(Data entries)
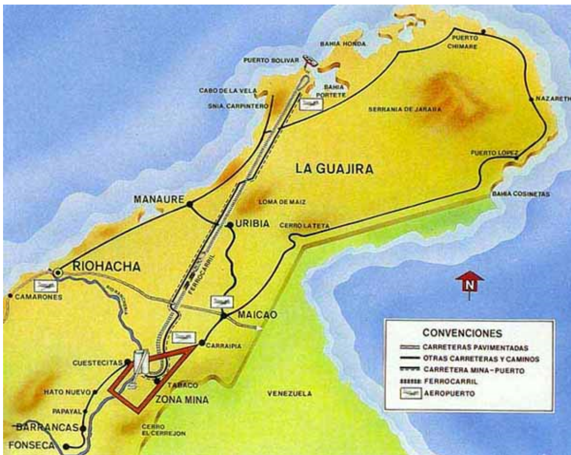
Gráfica N 3. Operación Carbones del Cerrejón en la Guajira
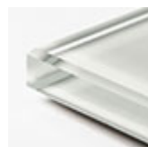
oyster extra chiaro
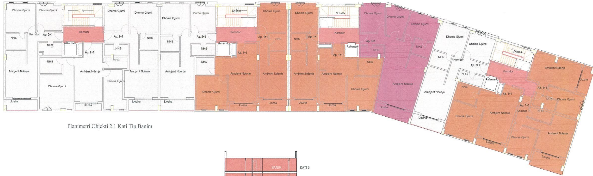
Planimetri Objekti 2.1 Kati Tip Banim
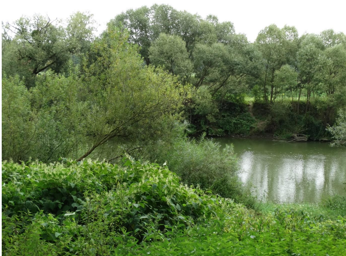
Fot. 2. Rdestowiec na skarpach koryta Nysy Kłodzkiej
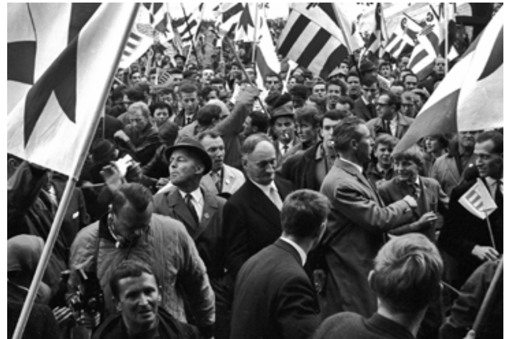
Les Rangiers, 1964, © Bernard Willemin / Galerie du Sauvage

Le 23 juin 1974, une majorité de votants dans les sept districts accepte la création d'un Canton du Jura. Le 16 mars 1975, les districts de Courtelary, Moutier, La Neuveville et Laufon, décident de rester bernois. En septembre, dans un troisième temps, des communes limitrophes votent leur rattachement au Canton du Jura.
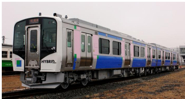
【HB-E210 系 ディーゼルハイブリッド車両】
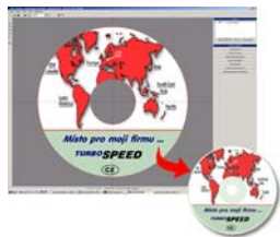
Tisk na CD 120 mm:
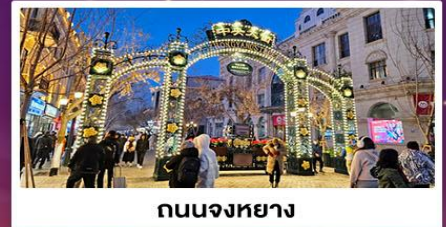
ถนนจงหยาง
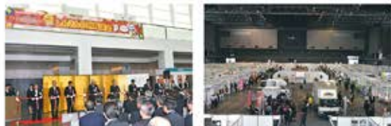
『第4回しんきん合同商談会』を平成29年10月に予定しています。
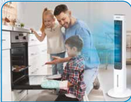
Jederzeit erfrischende Abkühlung in Küche & Wohnzimmer
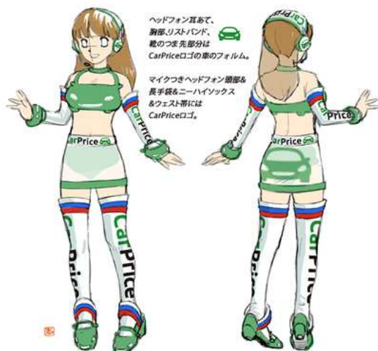
②志(こころざし)様作品
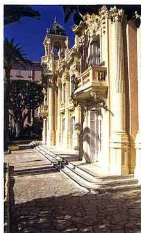
La Villa Sauber abrite une partie du Nouveau Musée National de Monaco.

Milly-la-Forêt, Maison Jean Cocteau - 15, rue du Lau (01 64 98 11 50 - www.jeancocteau.net ).
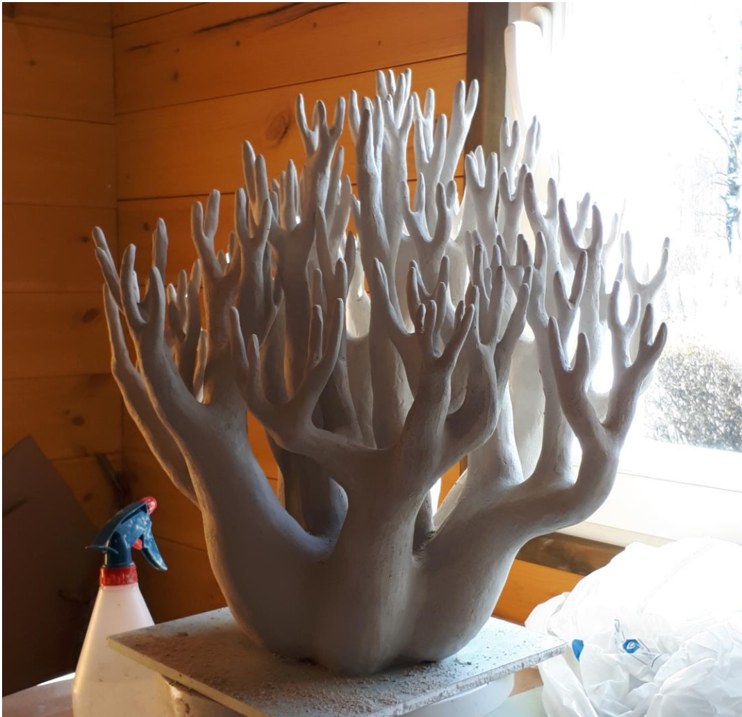
Kuivamisjärgus „Harik“
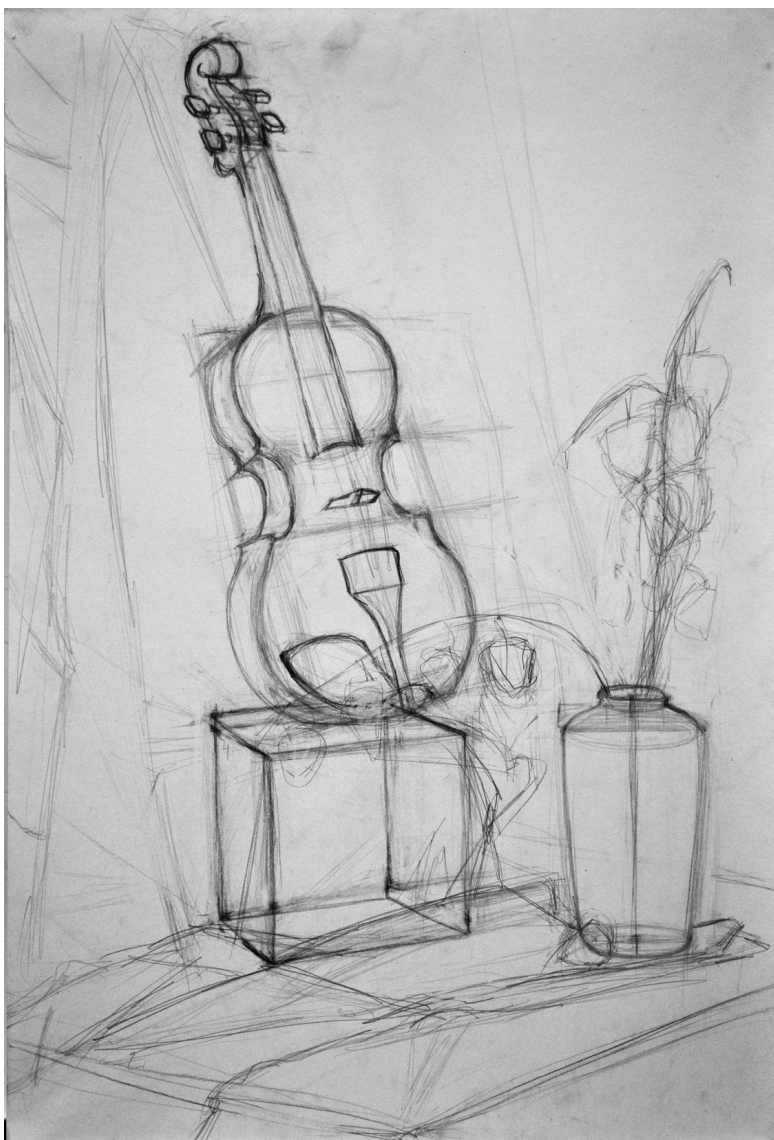
Рис. 3 подготовительный рисунок.

Рисунок составляет основу живописного изображения. Нанесенные на поверхность бумаги легкими, без нажима, линиями, рисунок устанавливает размеры, характер и форму изображаемых объектов, расположение их в пространстве. Определяются границы светотени, рисунок падающих теней, блики. Все построения ведут линиями без нажима, и предметы рисуют как бы прозрачными («сквозными»), уточняя их конструктивные особенности. Если объем предметов решается при помощи светотеневого рисунка, то на втором этапе намечают падающие и собственные тени предметов, закрывая их слегка тоном.
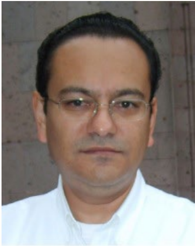
MTRO. SERGIO ULISES MONTES GUZMÁN GOBIERNO DEL ESTADO DE VERACRUZ

un acercamiento con el Arzobispo de Xalapa, Hipólito Reyes Larios, quien me compartió un panorama general del tema religioso en la entidad, del mismo modo establecimos contacto con la Alianza de Pastores de Xalapa, en la cual se reúnen representantes de las principales iglesias con presencia en el estado, para construir una agenda de trabajo en común que nos permitiera ampliar nuestro ámbito de acción a toda la entidad. La idea era posicionar a la dependencia a nivel estatal y que dejara de ser vista como una oficina “xalapeña”, hecho que hemos ido logrando poco a poco. Mis expectativas eran y siguen siendo amplias.
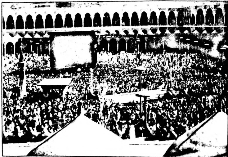
Chaque année, les pèlerins du monde entier vont effectuer les traditionnels sept tours de la Kaaba à l'intérieur se trouve la pierre noire. Le pèlerinage à La Mecque est le 5e pilier de l'Islam.

Au total, les pèlerins burkinabè passeront un mois sur la terre Sainte de l'Islam où l'essentiel de leur séjour sera consacré aux prières, invocations, recueils pour demander le pardon, la grâce et la miséricorde de Allah, le Bon Dieu.
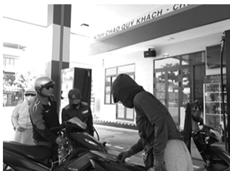
●Cán sớm hoàn thiện cơ chế giá cho xăng E10 tạo điều kiện cho doanh nghiệp duy trì nguồn cung ổn định.

Theo đó, các doanh nghiệp phải thực hiện nghiêm quy định về phối trộn, cung ứng xăng sinh học; bảo đảm nguồn hàng
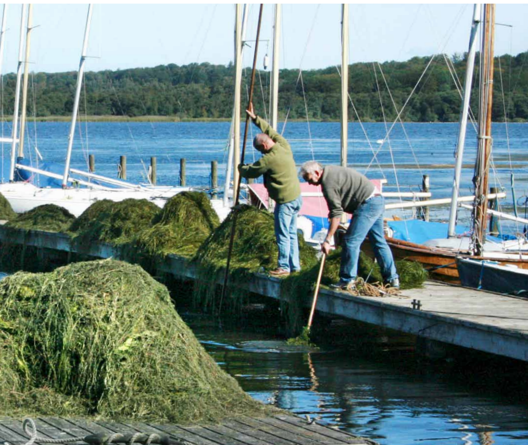
Uden denne indsats havde østbassinet ikke været så fremkommeligt i september – men fremover er det ikke velset at tage vandpesten op og lægge den over i skoven!

lidt fik vi da gjort, med det resultat at østbassinet var nogenlunde fremkommeligt det meste af eftersommeren. Jeg var selv et par gange med til at tage vandpest op af bassinet, men jeg må erkende at jeg blev ret betænkelig, da nogen pga. mangelfuld instruktion havde
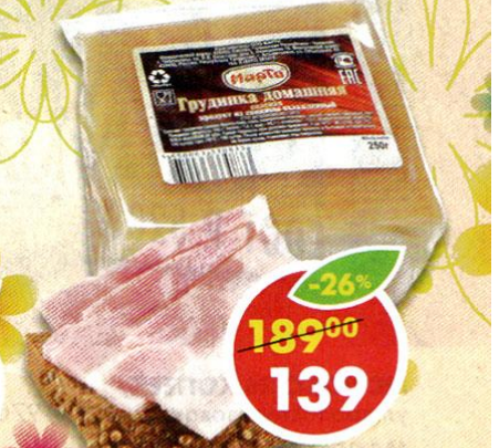
ГРУДИНКА МАРТИ , Домашняя, соленая, охлажденная, 250 г
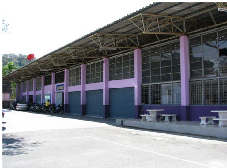
แผนกวิชาช่างยนต์
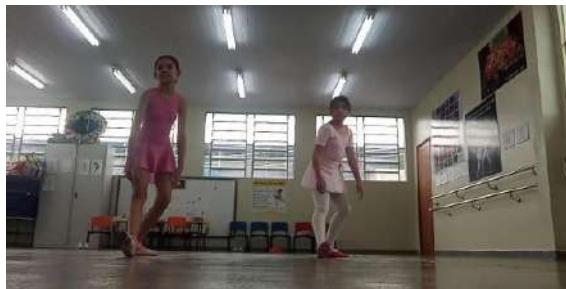
Figura 5 – Reaplicação da aula 1 com as alunas trazendo percepções e se observando
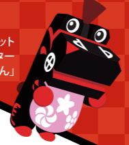
三春町マスコットキャラクター「こまりん」

町のシンボル・滝桜を始め、三春町には色々な名物や名所がたくさん！ 三春駒やだるまなどお馴染みのものから、 三春町出身の偉人、観光スポットの あまり知られていないトリビアを紹介します♪
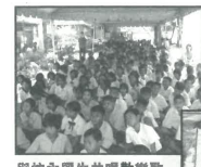
與校內學生共唱歡樂歌
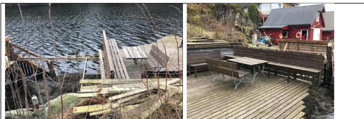
Foto frå synfaring (delar av brygga er fjerna i forhold til flyfoto frå 2000)

Utfrå kartutsnitt ser det ut til at den omtvista konstruksjonen ligg plassert på gbnr 336/112 og delvis over på 336/11. På synfaringa kom det fram at det er uenighet om grenser og rettar til bruk av det aktuelle arealet. Kommunen har ikkje mynde til å vurdere dei privatrettslege tilhøva på staden og vil difor berre ta stilling til om tiltaket er lovleg eller ikkje. Dei privatrettslege spørsmåla som gjeld eigedomsgrense og rett til bruk av det aktuelle arealet på 336/121 tek kommunen ikkje stilling til.

**What to work on**
Print nothing except the lines above from the one containing "un acercamiento con" down to the one containing "Theo đó, các", both included, exactly as written and free of pictures.

**Task answer**
un acercamiento con el Arzobispo de Xalapa, Hipólito Reyes Larios, quien me compartió un panorama general del tema religioso en la entidad, del mismo modo establecimos contacto con la Alianza de Pastores de Xalapa, en la cual se reúnen representantes de las principales iglesias con presencia en el estado, para construir una agenda de trabajo en común que nos permitiera ampliar nuestro ámbito de acción a toda la entidad. La idea era posicionar a la dependencia a nivel estatal y que dejara de ser vista como una oficina “xalapeña”, hecho que hemos ido logrando poco a poco. Mis expectativas eran y siguen siendo amplias.
Chaque année, les pèlerins du monde entier vont effectuer les traditionnels sept tours de la Kaaba à l'intérieur se trouve la pierre noire. Le pèlerinage à La Mecque est le 5e pilier de l'Islam.

Au total, les pèlerins burkinabè passeront un mois sur la terre Sainte de l'Islam où l'essentiel de leur séjour sera consacré aux prières, invocations, recueils pour demander le pardon, la grâce et la miséricorde de Allah, le Bon Dieu.
●Cán sớm hoàn thiện cơ chế giá cho xăng E10 tạo điều kiện cho doanh nghiệp duy trì nguồn cung ổn định.

Theo đó, các doanh nghiệp phải thực hiện nghiêm quy định về phối trộn, cung ứng xăng sinh học; bảo đảm nguồn hàng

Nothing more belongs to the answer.